Overige fysische factoren
Poriën
Poriën in de grond die in verbinding staan met de buitenlucht zorgen voor aanvoer van zuurstof (O2) en afvoer van kooldioxide (CO2). Daarom zijn poriën belangrijk voor plantengroei, mineralisatie en het bodemleven. Grond met minder water en meer lucht warmt in het voorjaar sneller op. Dat helpt om de mineralisatie op gang te krijgen. Daarnaast geven de poriën in de bodem wortels de ruimte om te groeien. Sommige plantenwortels (zonnebloemen, vlas, klaver) hebben poriën van 0,3 tot 0,5 mm nodig. Andere gewassen (ui en prei) hebben dikkere wortels en hebben dus grotere poriën nodig. Wortels kunnen kleine poriën (0,2 mm) ingroeien en deze vergroten. Hierbij kan een druk ontstaan van 0,5 tot 2,4 MPa. Aan de verdikking van een wortel, vaak met ringen, kun je zien dat hij bodemweerstand heeft ondervonden. Het bodemleven draagt bij aan de vorming van de poriën. Zo vind je in wormengangen vaak strengen van wortels.
Water
Zonder water is er geen leven mogelijk. Dat geldt ook voor de bodem: verschillende bodemorganismen leggen het loodje in een uitgedroogde bodem. Maar wanneer te veel water aanwezig is, wordt de lucht verdrongen en wordt leven onmogelijk voor organismen die lucht (zuurstof) nodig hebben, zoals plantenwortels en micro-organismen.

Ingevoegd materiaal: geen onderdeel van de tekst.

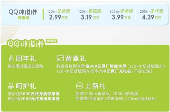 新车主要在配置和配色方面进行了调整,QQ冰淇淋青春版,除了120km奶昔版之外,全系可选菁纯绿车色以及全系标配倒车影像、9英寸大屏;小蚂蚁青春版新增加仑黑内饰+绿色缝线,带来焕然一新的视觉感受。同时车机还增加了新的UI主题,以及6项舒适性配置升级。

Als het niet vriest en de bodem niet volledig is uitgedroogd, verdampt er water uit de bodem. Naast verdamping door de plant (transpiratie) vindt verdamping plaats door de grond zelf (evaporatie). Om te verdampen verbruikt het water warmte, zodat het water de warmteregelaar is van de bodem. In de zomer zal het verdampende water beletten dat de temperatuur van de bodem te hoog oploopt. In het voorjaar echter zorgt water ervoor dat een natte bodem zeer traag opwarmt.
Water beïnvloedt ook de structuur van de bodem. Wanneer een zandgrond volledig uitgedroogd is, kleven de zanddeeltjes niet meer aan elkaar en zal de grond stuiven. Zware klei wordt bij uitdroging steenhard. Is de bodem verzadigd met water, dan vloeit hij open tot een pappige, slijkerige massa. Bij een goed vochtgehalte kunnen de bodemdeeltjes aan elkaar kleven, en kan een luchtige maar stabiele structuur ontstaan.
Draagkracht
De draagkracht of het draagvermogen van een bodem wordt vooral bepaald door de dichtheid van de grond, de vochttoestand en de mate van verdichting van de grond. Wanneer een bodem veel water bevat, neemt de draagkracht af. Een goede draagkracht kan in tegenspraak zijn met een goede bodemstructuur: een bodem die veel organische stof en veel poriën bevat, heeft een lagere dichtheid, waardoor de draagkracht vermindert. Als de toplaag van een bodem na berijden of beweiding tekenen van insporing of vervorming laat zien, is er sprake van een geringe draagkracht.
Indringingsweerstand
De indringingsweerstand is een maat voor de dichtheid van de grond. De dichtheid wordt bepaald door natuurlijke processen, maar ook door cultuurmaatregelen zoals het bewerken van het land met zware machines. Dat laatste kan leiden tot verdichting wat invloed heeft op het bodemleven, de zuurstof- en vochtvoorziening en de wortelgroei. Een indringingsweerstand tussen de 1,5 en 3,0 MPa remt de wortelgroei, bij een indringingsweerstand > 3,0 MPa is de wortelgroei ernstig belemmerd.